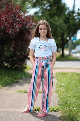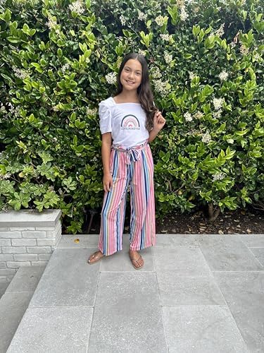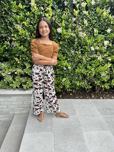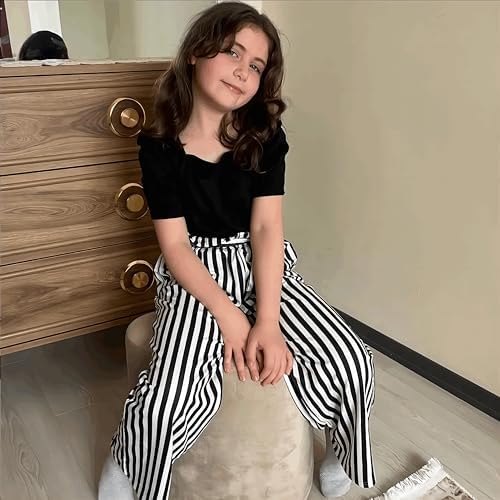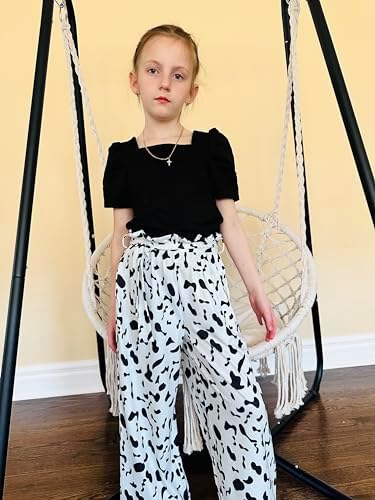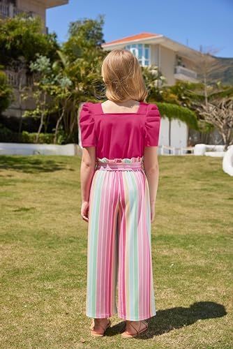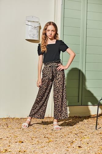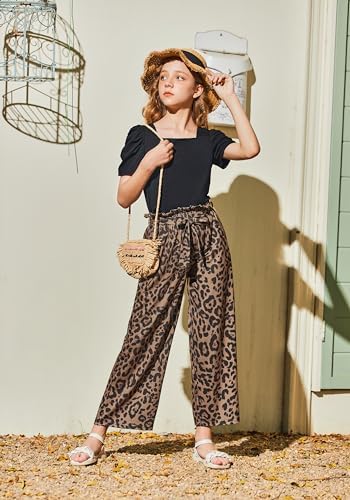 Arshiner Girls 2 Pieces Outfits Kids Square Neck Puff Sleeve Tops and Pants Set with Pockets 6-14 Years
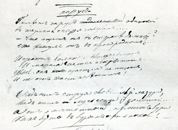 Фраза «Белеет парус одинокой» появилась в литературе за несколько лет до написания стихотворения: читатели впервые встретились с ней в 1828 году, когда была опубликована поэма «Андрей, князь Переяславский» А. А. Бестужева-Марлинского[7].
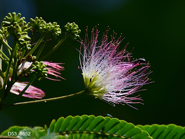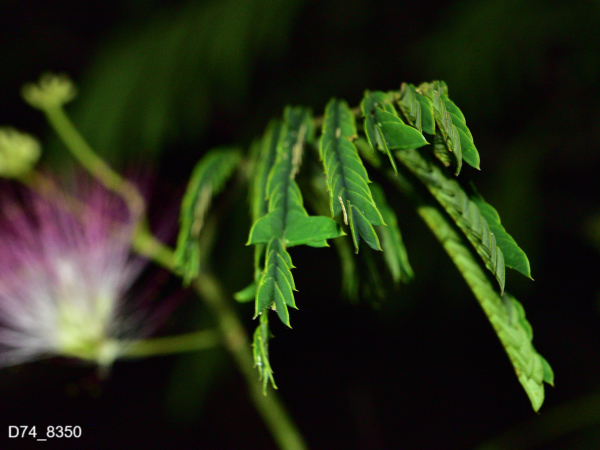 下の写真は、ネムノキの花と、夜に葉が閉じる様子を撮影したものです。
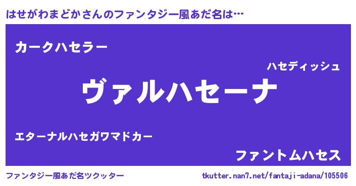 | 意味不明あだ名 | 『住所不定無職はせがわまどか(93歳)』 |
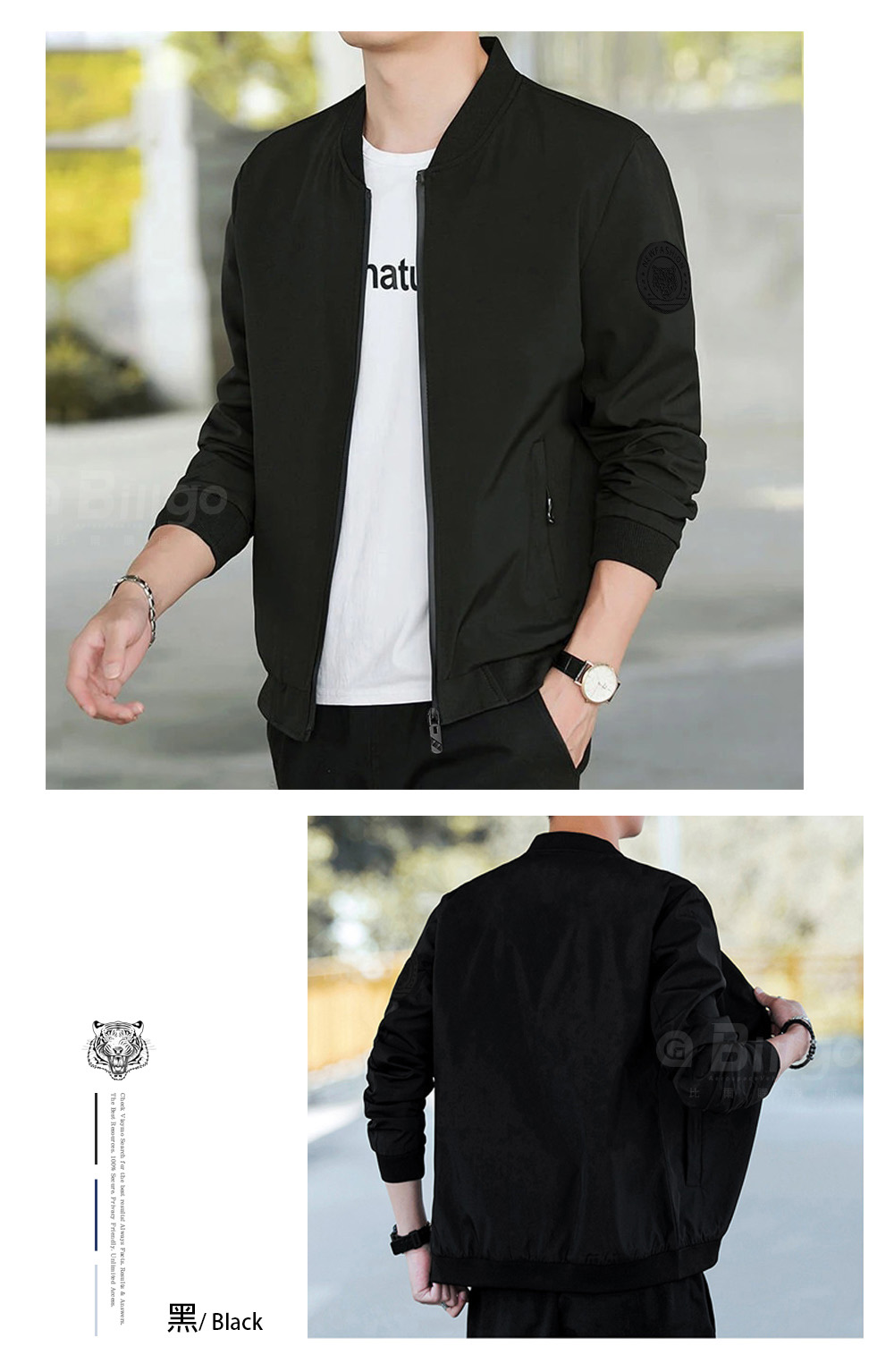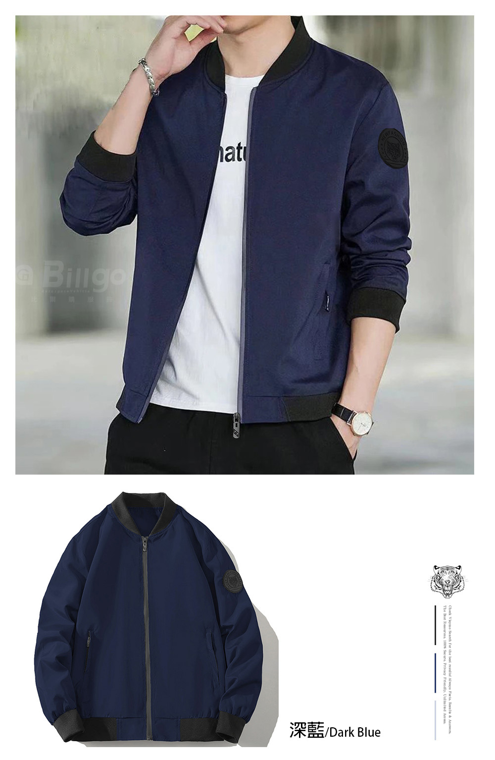 ☆手臂精緻虎頭膠牌設計,增添潮流視覺。
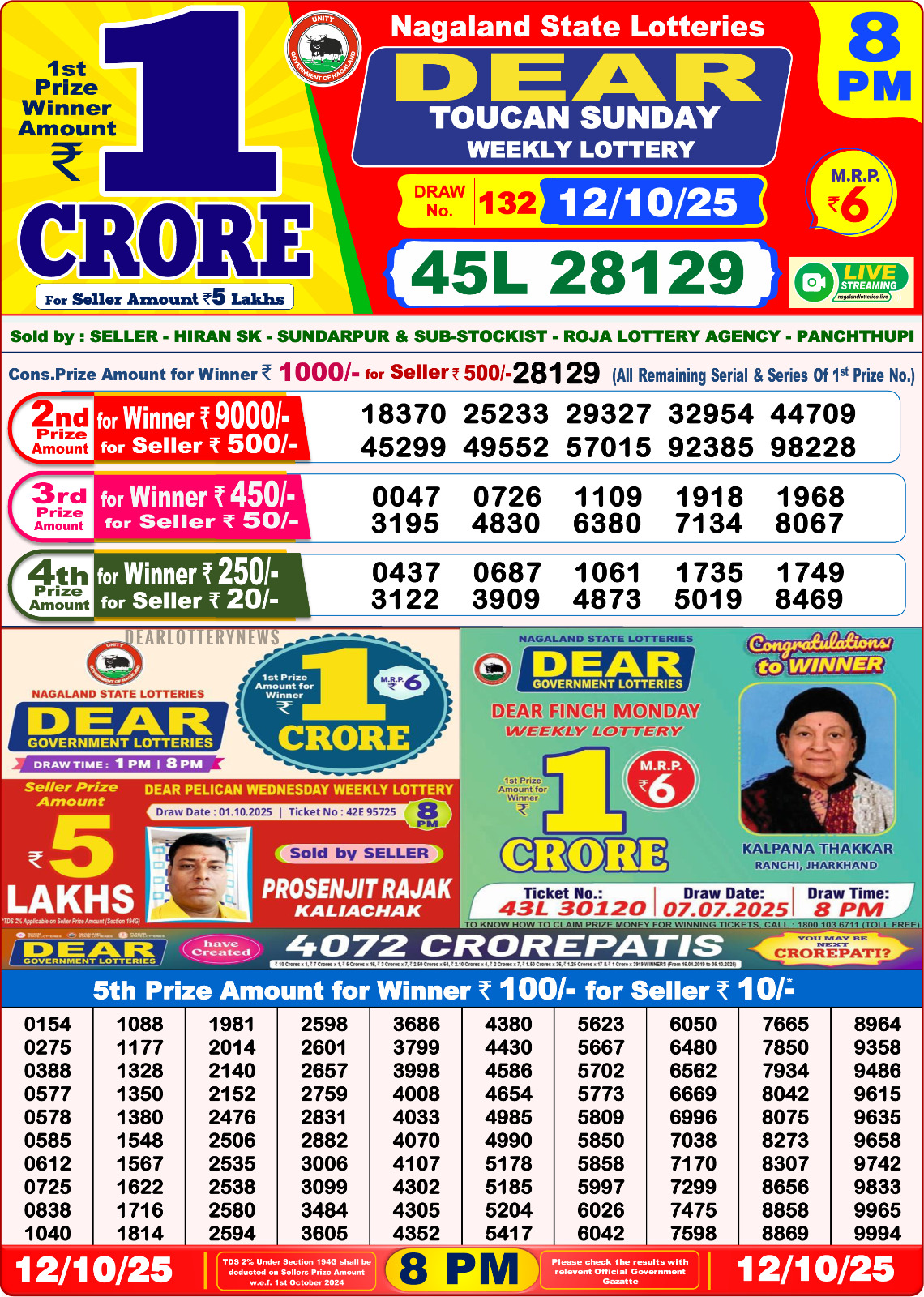 Dear Toucan Sunday Weekly Lottery 8 PM Result 12-10-25

▶ [Task instructions]
Repeat the data above exactly, but not the pictures.

▶ [Result for this task]
 Arshiner Girls 2 Pieces Outfits Kids Square Neck Puff Sleeve Tops and Pants Set with Pockets 6-14 Years
 Фраза «Белеет парус одинокой» появилась в литературе за несколько лет до написания стихотворения: читатели впервые встретились с ней в 1828 году, когда была опубликована поэма «Андрей, князь Переяславский» А. А. Бестужева-Марлинского[7].
 下の写真は、ネムノキの花と、夜に葉が閉じる様子を撮影したものです。
 | 意味不明あだ名 | 『住所不定無職はせがわまどか(93歳)』 |
 ☆手臂精緻虎頭膠牌設計,增添潮流視覺。
 Dear Toucan Sunday Weekly Lottery 8 PM Result 12-10-25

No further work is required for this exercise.